How can I test my Solaris 10 changes with the brand?
You will need to follow the procedures for manually testing the zone. However, you will not be able to use one of the pre-built Solaris 10u8 images. Instead, as part of your testing of the Solaris 10 change, you should create a flash archive of a physical system onto which you installed your change.

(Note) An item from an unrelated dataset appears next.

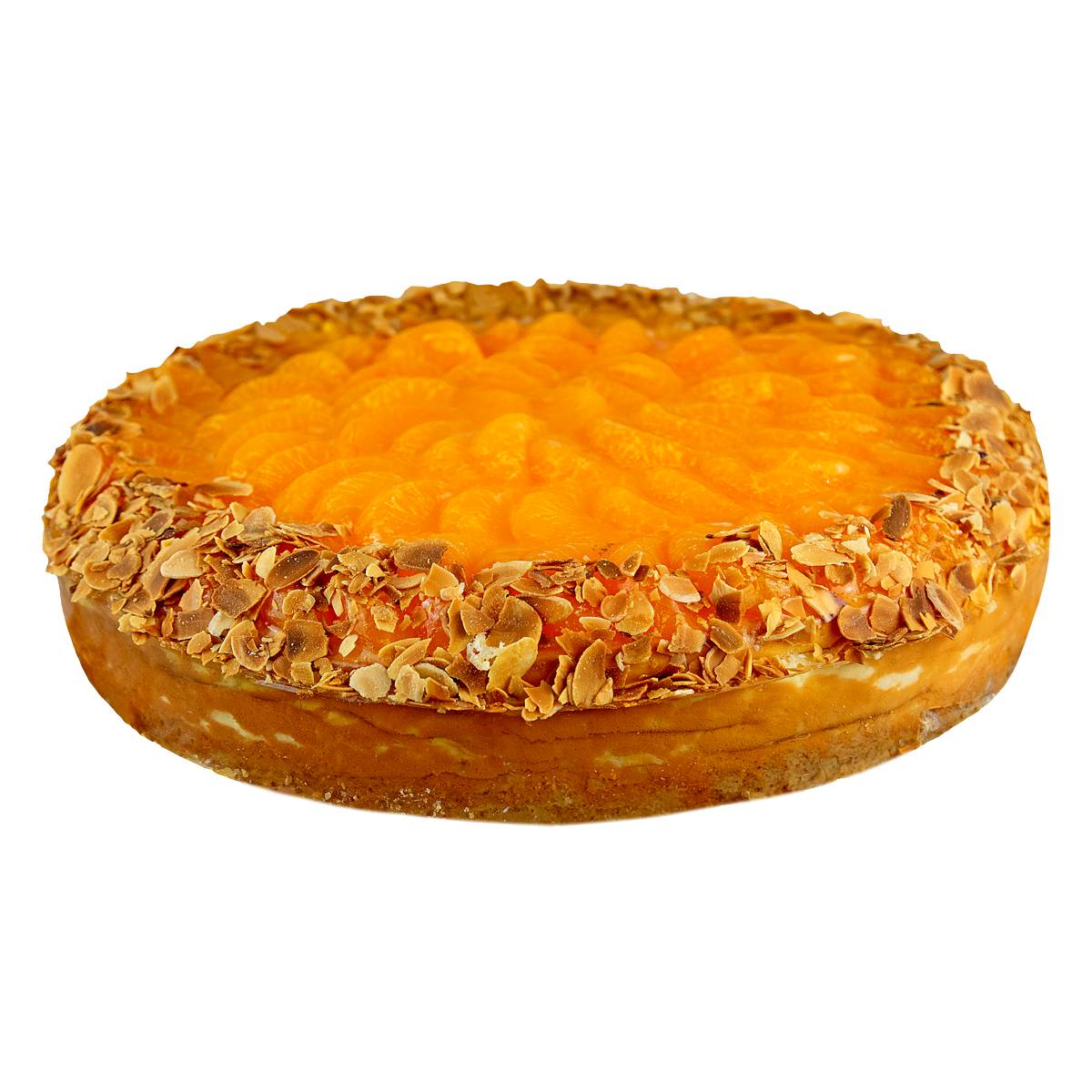 Ø 28cm | 12 Stücke | Zutaten: Butterkeks 18,Aa,I,M, Walnuss Jc, Ei K, Zucker, Frische Sahne 17,I, Zitrone, Vanillezucker, Mehl Aa,D,E,M, Magerquark I, Mandarine, Mandarinensaft, Tortenguss 17,I

# flar create -n testflar /export/home/test.flar
Instead of test.flar, you can name the flar as you choose. If your physical Solaris 10 test system has a ZFS root, then you must create the flar with an explicit cpio or pax archive using the -L option:
# flar create -n testflar -L cpio /export/home/test.flar
You can now use this flar to install the zone and complete the testing. When installing the zone using your new flar, you must also use the -F option which
bypasses the built-in version checking. This is needed because only Solaris 10u8 and later are supported and a BFU image does not look like a supported
version of Solaris 10.
# zoneadm -z testzone install -a /home/foo/test.flar -F -u
If your code changes are simple, an alternative to creating your own flar is to use one of the pre-existing archives to install the zone and then
replace the updated user-level binaries with the new binaries that you've built. If you use this technique, you must be sure that the base archive you're
using is fully compatible with the changed files you're replacing.